RWJF Mockup

Mockup of Content for RWJF scrollie

Author

Ran Li

Published

May 25, 2023

1. Intro

  • Context: Community environment affects health status. Here we quantify the impact of some community level factors on chance of developing severe COVID-19 (severe enough to require a hospitalization); we use two main data sources.
  • Community environment information such as poverty and access to healthcare.

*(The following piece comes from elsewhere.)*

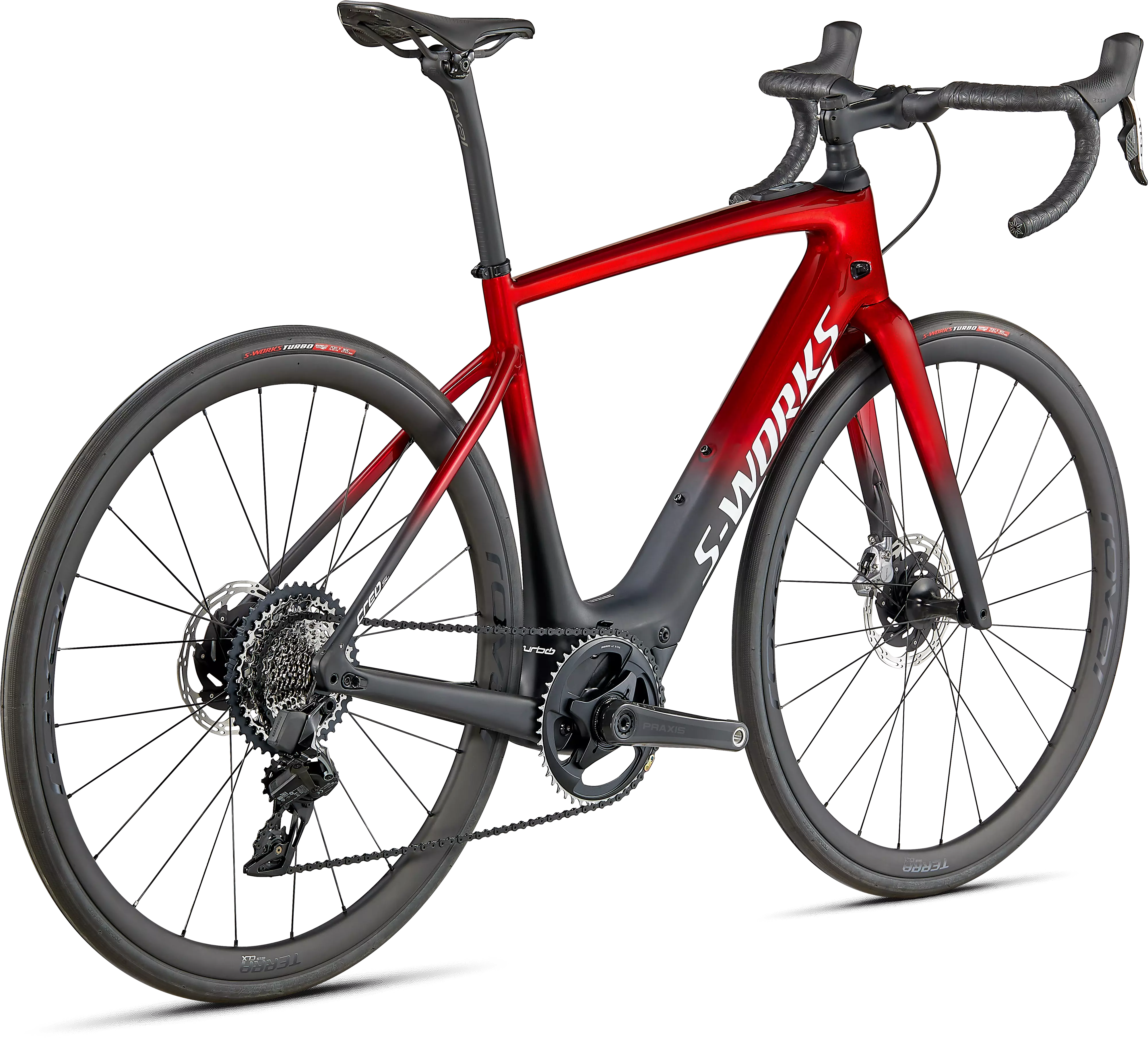 Como todas nuestras bicicletas S-Works, la S-Works Turbo Creo SL es nuestro montaje máximo. Junto al cuadro FACT 11r y el amortiguador Future Shock 2.0 hidráulico cuenta con una transmisión SRAM Red AXS eTap 1x que incluye casete de 10-44t para una relación de cambios increíble. Monta ruedas de carbono Roval Terra CLX Disc y neumáticos S-Works Turbo de 30 mm. Y para terminar la construcción, hemos incluido nuestro manillar S-Works Carbon Hover, con una potencia S-Works Future y sillín Body Geometry S-Works Power. También cuenta con un extensor de batería, ya que nunca querrás dejar de montar en esta bicicleta.

Obtained via the Census.
  • Hospitalization records from HealthShare Exchange -a regional health information hub that gathers clinical information from member health care providers within the Philadelphia Region.
  • Cases: all cases of severe COVID-19. severe COVID-19 cases were defined as those that required inpatient care between January and December of 2020.
  • Controls: a random sample of the population in the clinical data repository who had at least one healthcare encounter in 2020 and were not diagnosed with COVID-19.
  • We have data for the five counties around Philadelphia shown below

2. Clinical data is representative of population

  • Before we can do analysis we have to make sure our clinical data is representative of our population.
  • The idea in this slide is to show the geographic distribution of controls (which is a random sample of the population) correlates with population.

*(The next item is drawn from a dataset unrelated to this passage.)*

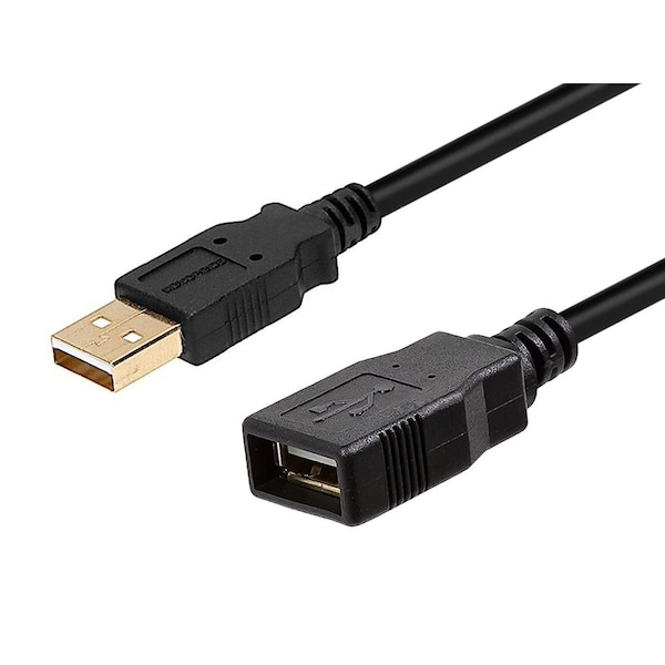Extension USB Cable, USB Specification 2.0, 3 ft, Color Black, Connector Type A Male to A Female, Gold Plated, For Use With PC/MAC Apple(R) Lightning(R), CSA, MAC, UL Standards

3. COVID-19 hospitalization risk varies by community

  • Ratio of cases to control map. The idea is to show geographical distribution of the “risk”.
  • To discuss:
  • cut-offs: filter for zcta with pop > 150; anything below looks strange because of low numbers e.g. very high ratios

4. Vulnerability relates to hospitalization risk

  • SVI map – compare map of SVI with map 2 (ratio cases to controls). This map could then transition to a plot of SVI vs. case to control ratio.

5. Focus on County

  • Possibly focus on Philadelphia or being able to see the different counties in the other maps.

  • Example for Philadelphia we will make interactive for other counties.